Folha de rosto

fevereiro 2013 / Folha de rosto / A cortina luminosa

Texto publicado na edição #98

A cortina luminosa

Fotografias mostram, ou escondem? São espelhos luminosos, que desmascaram o Eu ou, ao contrário, superfícies embaçadas e traiçoeiras, que o […]

> Por JOSÉ CASTELLO

Fotografias mostram, ou escondem? São espelhos luminosos, que desmascaram o Eu ou, ao contrário, superfícies embaçadas e traiçoeiras, que o dissimulam?
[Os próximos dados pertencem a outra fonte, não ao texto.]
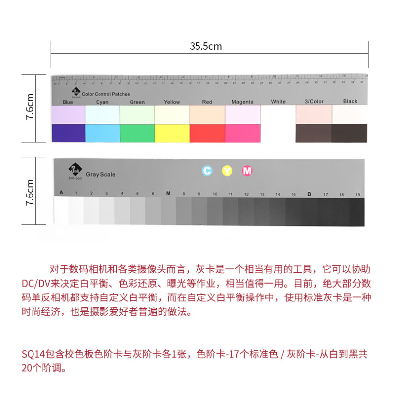 柯达Q14同款SQ14灰阶卡相机镜头色彩还原校正卡20色阶灰度卡尺3nh

Perguntas incômodas me vêm enquanto folheio Clarice fotobiografia, um livro assombroso de Nadia Battella Gotlib. Janelas sobre a alma de Clarice, ou cortinas de luz que, fingindo mostrar, mascaram?
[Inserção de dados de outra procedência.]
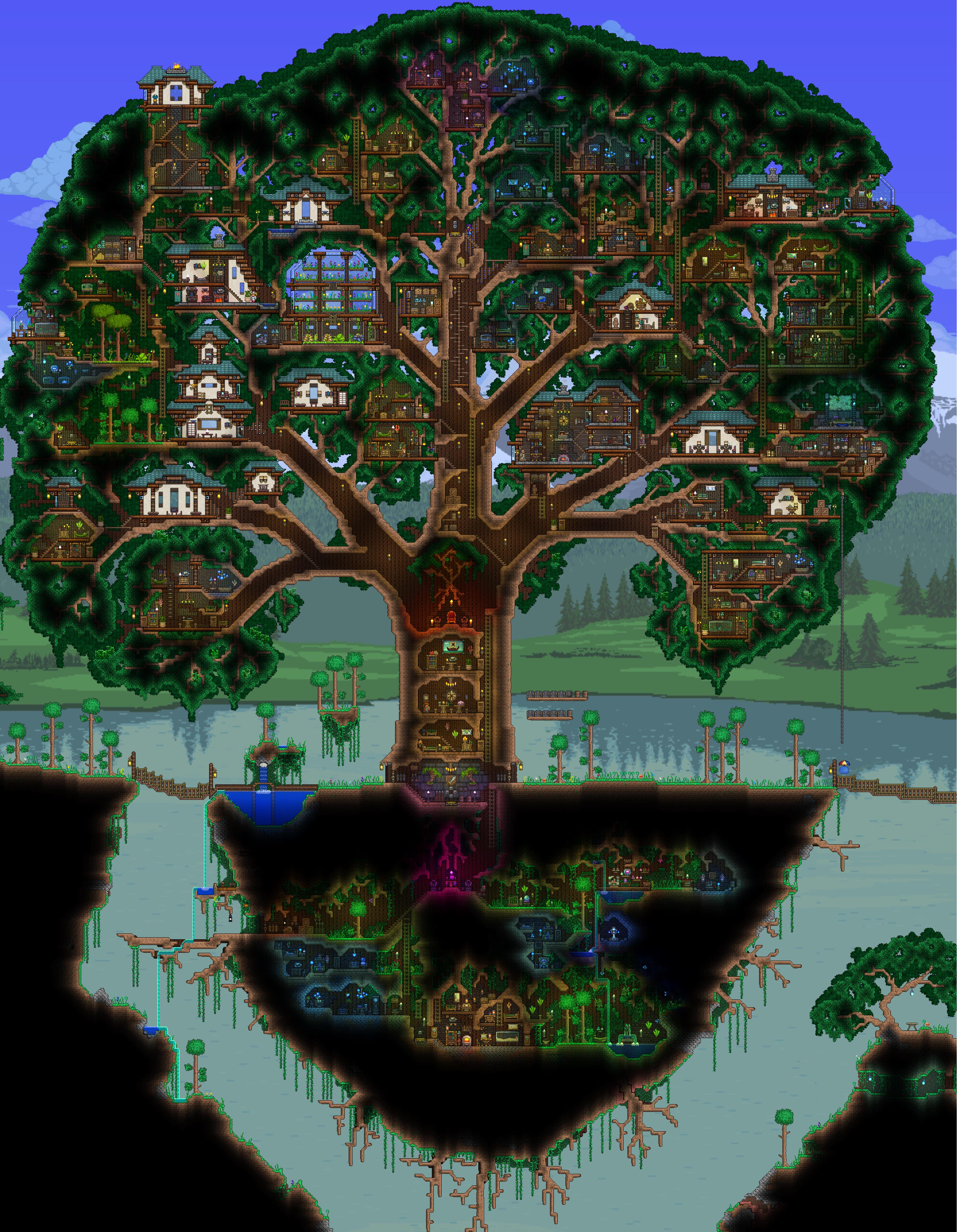 Hi, so I’m new to the game, just started a few days ago, and right now I have a giant tower with all of my NPCs in there, BUT I just learned that certain NPCs require certain biomes to work at their fullest. So my idea is to build a giant tree just like this image, but with different biomes inside this giant tree, and my question is:

São fotos magníficas. Começam com a imagem solene da ucraniana Mania Krimgold, futura Marieta Lispector, mãe de Clarice. Não, não se parece com ela, mas há alguma coisa no porte, e também no olhar perdido, que denuncia a filiação. Fotos de família, que se misturam a imagens de Kiev, a capital. Fotos históricas, de soldados, de multidões, ruas comerciais, fachadas, a reprodução meticulosa de documentos.

A chegada a Maceió. A mudança para o Recife. Clarice pequena, em foto oval, entre as duas irmãs e os pais. Parentes, contraparentes, laços. A mãe morre. Um boletim escolar, a primeira carteira de identidade, a matrícula no colégio. A mocidade já no Rio de Janeiro. Nos retratos, os primeiros sinais mais nítidos da Clarice que conhecemos. Nas fotos de juventude, ela já olha para os lados, arredia ao presente, distante.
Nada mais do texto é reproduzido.